ACTIVITY —
Output exactly, and only, the lines below from the one with "ピアノで,軽快なリズムの曲,ゆっくり暗い" down to the one with "Crème chou-fleur, st". Include both end lines and no pictures.

DATA SECTION —
╭──
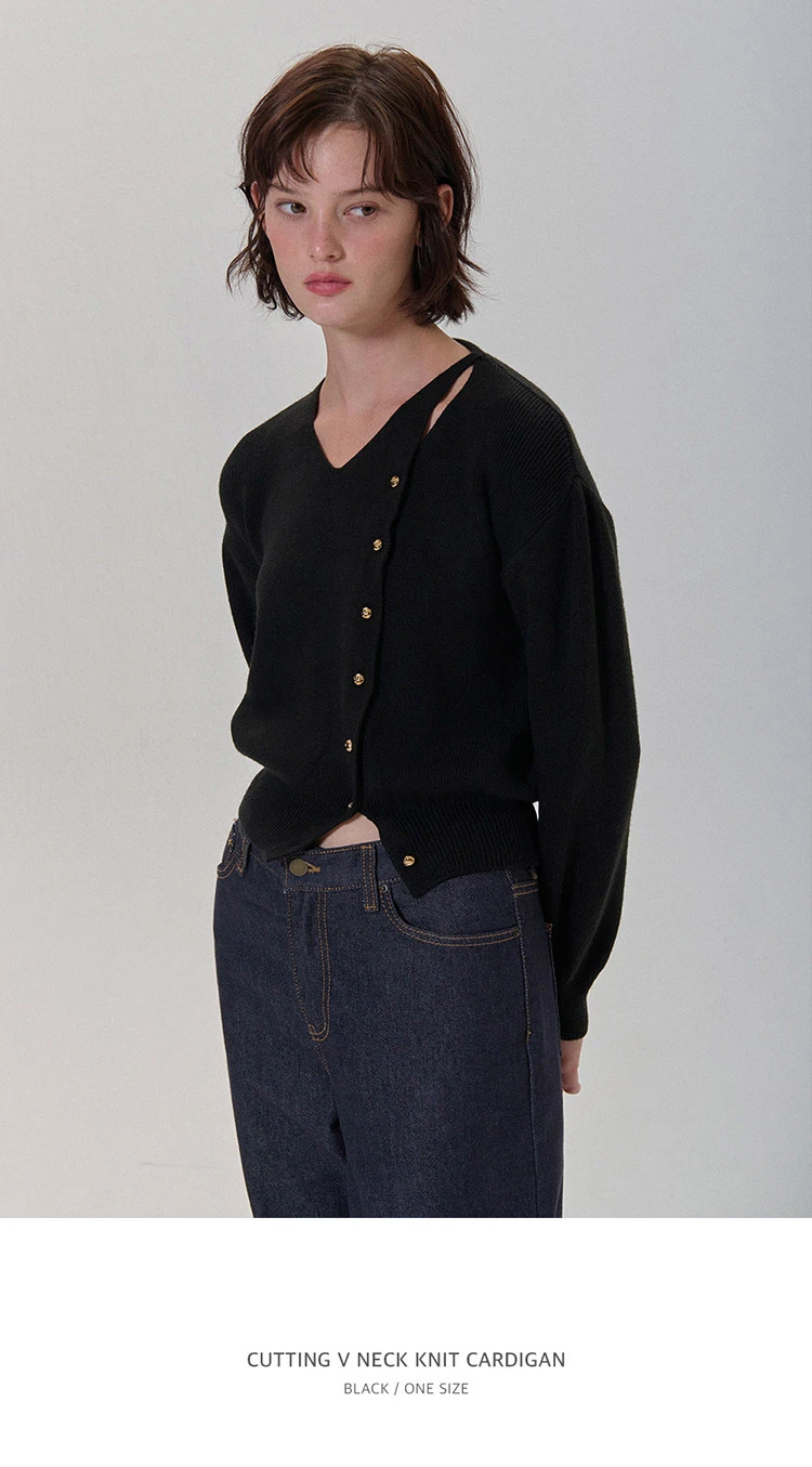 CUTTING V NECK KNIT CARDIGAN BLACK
╰──
╭──
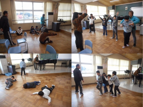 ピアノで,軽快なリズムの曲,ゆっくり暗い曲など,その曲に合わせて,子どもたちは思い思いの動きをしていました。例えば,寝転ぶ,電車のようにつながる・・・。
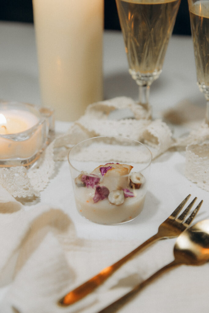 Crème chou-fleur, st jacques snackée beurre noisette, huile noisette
╰──
YOUR RESPONSE —
 ピアノで,軽快なリズムの曲,ゆっくり暗い曲など,その曲に合わせて,子どもたちは思い思いの動きをしていました。例えば,寝転ぶ,電車のようにつながる・・・。
 Crème chou-fleur, st jacques snackée beurre noisette, huile noisette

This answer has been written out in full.